The United States Army Corps of Engineers leased slaves from local slave-owners for construction of the fort and its neighbor Fort Jefferson. This resulted in an influx of enslaved peoples into the immediate area as, before the construction of the fort, there were no large agricultural ventures and thus not a high demand for slaves, marine salvage being the main industry. By some estimates, the number more than quadrupled from fewer than 90 enslaved people in Key West before construction to over 400 after.

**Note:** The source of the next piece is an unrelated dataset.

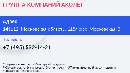ГРУППА КОМПАНИЙ АКОЛЕТ по адресу 141112, Московская область, Щёлково, Московская, 3 в дальнейшем Организация, размещена в следующих категориях:

The fort's foundation consists of oolitic limestone and New England granite. Its 5 ft thick walls rose 50 ft above mean low water and included two tiers of casemates with a terreplein or barbette at the top. Three seaward curtains 495 ft between bastions, each containing 42 guns on three levels, were augmented by a land-facing gorge. Troop barracks were built into this gorge with a capacity for 800 men. At either end of the barracks was a large gunpowder magazine while a sally port was located in the center, connected to land by a 1,200 ft causeway. Rainwater was collected in underground cisterns along the perimeter of the fort. Yellow fever epidemics and material shortages slowed construction of the fort, which continued throughout the 1850s. The Pensacola, Florida, firm of Raiford and Abercrombie provided bricks for Fort Zachary Taylor and Fort Jefferson, which was under construction at the same time.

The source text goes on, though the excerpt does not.